Page 126 de l'Intégrale des Mémoires d'un paysan bas-breton :

Vacher à Kermahonnec (1851-1854)

En ce temps-là, il était venu un Monsieur à Kerfeunteun comme professeur d’agriculture pour apprendre aux Bretons l’art de cultiver la terre. Mais les paysans se souciaient peu alors d’apprendre quoi que ce soit en agriculture ni ailleurs. La vieille routine, pas autre chose. Quelques-uns des vieux cultivateurs passaient par la ferme du professeur quelquefois pour regarder les instruments nouveaux, qu’ils n’avaient jamais vus, et regarder les ouvriers travailler. Mais ils s’en allaient en haussant les épaules, et en disant qu’ils auraient à en donner des leçons à ce professeur. Ils voyaient bien qu’il y avait là de belles prairies, bien égouttées et irriguées, des champs de trèfle, de gros choux et des rutabagas, mais tout ça coûtait plus qu’il ne valait, et d’abord les bêtes bretonnes n’avaient pas besoin de ces choses-là pour vivre, pas plus que les hommes n’avaient besoin du pain blanc, de la viande et des légumes, toutes choses alors inconnues dans nos campagnes. Bref, les paysans n’en voulurent pas du tout des enseignements agricoles de ce monsieur.

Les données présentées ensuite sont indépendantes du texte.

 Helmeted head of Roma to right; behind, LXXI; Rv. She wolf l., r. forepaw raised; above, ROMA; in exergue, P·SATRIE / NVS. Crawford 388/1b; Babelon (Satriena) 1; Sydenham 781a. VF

Si c’eût été un paysan encore ! Mais un monsieur à chapeau haut et qui ne savait pas parler breton pouvait-il être cultivateur ? Allons donc ! Les paysans ne pouvaient admettre qu’un monsieur de la ville pût savoir couper la lande, retourner une motte de terre, faucher, moissonner, charger du fumier dans la charrette, râteler les fossés, tracer un sillon avec la charrue en bois à avant-train, modèle Triptolème [2], les seules choses nécessaires selon eux pour être bon cultivateur. De la science agricole, ils n’en avaient cure. Ce n’était pas avec des livres qu’on pouvait faire de l’agriculture

 

Page 127

Le dimanche, quand j'allais à la messe de neuf heures à Quimper, je passais aussi par Kermahonnec Kerfeunteun où était ce professeur d"agiculture. Je restais longtemps regarder les instruments aratoires de tous genres que je n'avais jamais vus, et dont je ne ne savais même pas le nom. Je regardais les champs de trèfle, les rutabagas, les gros choux et autres fourrages inconnus pour moi.

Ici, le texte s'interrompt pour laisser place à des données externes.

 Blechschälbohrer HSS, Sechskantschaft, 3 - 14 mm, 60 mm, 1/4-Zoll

Une fois, voyant la porte de l'étable ouverte, je voulus voir les vaches dont on disait des merveilles, que chacune d'elle donnait autant de lait et de beurre qu'une demi-douzaine de pauvres petites vaches auxquelles on de donnait jamais rien à manger durant l'été que ce qu'elles trouvaient à brouter dehors, et un peu de paille sèche l'hiver. Je vis en effet que ces vaches ...


3 Annotations

  1. Le terme Potr-saout est considéré aujourd'hui comme un bretonnisme (cf. étude d'Hervé Lossec) car très utilisé en français en Bretagne. De « paotr » pour le garçon, et « saout » pour les vaches, soit donc le garçon vacher. À noter que lorsque le métier de surveillance des troupeaux de vaches fut assuré par des clôtures électriques, celles-ci étaient appelées « paotr-saout electrik ». [Ref.↑]
  2. Triptolème : prêtre original de la déesse Déméter, dans la mythologie grecque. Déméter donna à Triptolème une charrue en bois et des grains de blé pour aller enseigner l’agriculture aux mortels. [Ref.↑]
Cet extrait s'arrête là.